= 2005 Uruguayan municipal elections =

Final results by department of the Uruguayan municipal elections, 2005.

Uruguay's local government elections, held on May 16, 2005, to elect the intendente of the 19 departments that are the administrative divisions of Uruguay, resulted in major gains for the newly elected Frente Amplio government, and heavy losses for the opposition Partido Nacional and Partido Colorado.

The Frente Amplio (left-wing) had won with an overwhelming margin the presidential and parliamentary elections on October 31, 2004, putting an end to the classic bipartisan competition and alternation in power of the Partido Colorado and the Partido Nacional (centre and centre right).

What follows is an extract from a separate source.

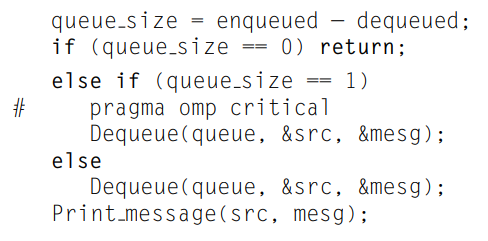 정확히 말하자면, OpenMP 관점에서 메세지 패싱 프로그램은 두 개의 크리티컬 섹션을 가지고 있습니다. 하나는 atomic 디렉티브로 보호되고 있는 done_sending++ 이며, 다른 하나는 메세지는 enqueue하고 dequeue하는 것입니다. 따라서 이 두 개의 크리티컬 섹션은 배타적이지 않고 동시에 진입할 수 있는 각각의 크리티컬 섹션입니다.

In the municipal elections of May 2000, the Partido Nacional had won 13 departments, the Partido Colorado five departments, and the Frente Amplio one department. As a result of the municipal elections of 2005, the Partido Nacional won 10 departments, the Frente Amplio eight, and the Partido Colorado one. The Frente Amplio had a net gain of seven departments, the Partido Colorado had a net loss of four departments and the Partido Nacional had a net loss of three departments.

==Results==

| Party |  | Votes | % |
|  | Broad Front– Progressive Encounter–New Majority | 1,043,967 | 50.44 |
|  | National Party | 643,020 | 31.06 |
|  | Colorado Party | 360,944 | 17.44 |
|  | Independent Party | 19,568 | 0.95 |
|  | Other parties | 2,420 | 0.12 |
| Total |  | 2,069,919 | 100.00 |
Source: Corte Electoral

== List of winning candidates for intendente ==
Following is a list of the departments in Uruguay, with the name of the intendente elected, his party affiliation and the faction within the party to which he belongs:
- Montevideo: Ricardo Ehrlich (Frente Amplio, Movimiento de Participación Popular). Hold for the Frente Amplio.
- Artigas: Julio Silveira (Partido Nacional, Herrerismo). Pickup for the Partido Nacional from the Partido Colorado.
- Canelones: Marcos Carámbula (Frente Amplio, Alianza Progresista). Pickup for the Frente Amplio from the Partido Colorado.
- Cerro Largo: Ambrosio Barreiro (Partido Nacional, Herrerismo). Re-elected incumbent. Hold for the Partido Nacional.
- Colonia: Walter Zimmer (Partido Nacional, Alianza Nacional). Hold for the Partido Nacional.
- Durazno: Carmelo Vidalín (Partido Nacional, Herrerismo). Re-elected incumbent. Hold for the Partido Nacional.
- Flores: Walter Echeverría (Partido Nacional, Alianza Nacional); he died shortly before taking office, in his place came Armando Castaingdebat. Hold for the Partido Nacional.
- Florida: Juan Giachetto (Frente Amplio, Partido Socialista). Pickup for the Frente Amplio from the Partido Nacional.
- Lavalleja: Hermán Vergara (Partido Nacional, Correntada Wilsonista). Re-elected incumbent. Hold for the Partido Nacional.
- Maldonado: Oscar de los Santos (Frente Amplio, Alianza Progresista). Pickup for the Frente Amplio from the Partido Nacional.
- Paysandú: Julio Pintos (Frente Amplio, Partido Socialista). Pickup for the Frente Amplio from the Partido Nacional.
- Río Negro: Omar Lafluf (Partido Nacional, Alianza Nacional). Pickup for the Partido Nacional from the Partido Colorado.
- Rivera: Tabaré Viera (Partido Colorado), Foro Batllista). Re-elected incumbent. Hold for the Partido Colorado.
- Rocha: Artigas Barrios (Frente Amplio, Partido Socialista). Pickup for the Frente Amplio from the Partido Nacional.
- Salto: Ramón Fonticiella (Frente Amplio, Alianza Progresista). Pickup for the Frente Amplio from the Partido Colorado.
- San José: Juan Antonio Chiruchi (Partido Nacional, Herrerismo). Re-elected incumbent. Hold for the Partido Nacional.
- Soriano: Guillermo Besozzi (Partido Nacional, Alianza Nacional). Hold for the Partido Nacional.
- Tacuarembó: Wilson Ezquerra (Partido Nacional, Alianza Nacional). Hold for the Partido Nacional.
- Treinta y Tres: Gerardo Amaral (Frente Amplio, Partido Socialista). Pickup for the Frente Amplio from the Partido Nacional.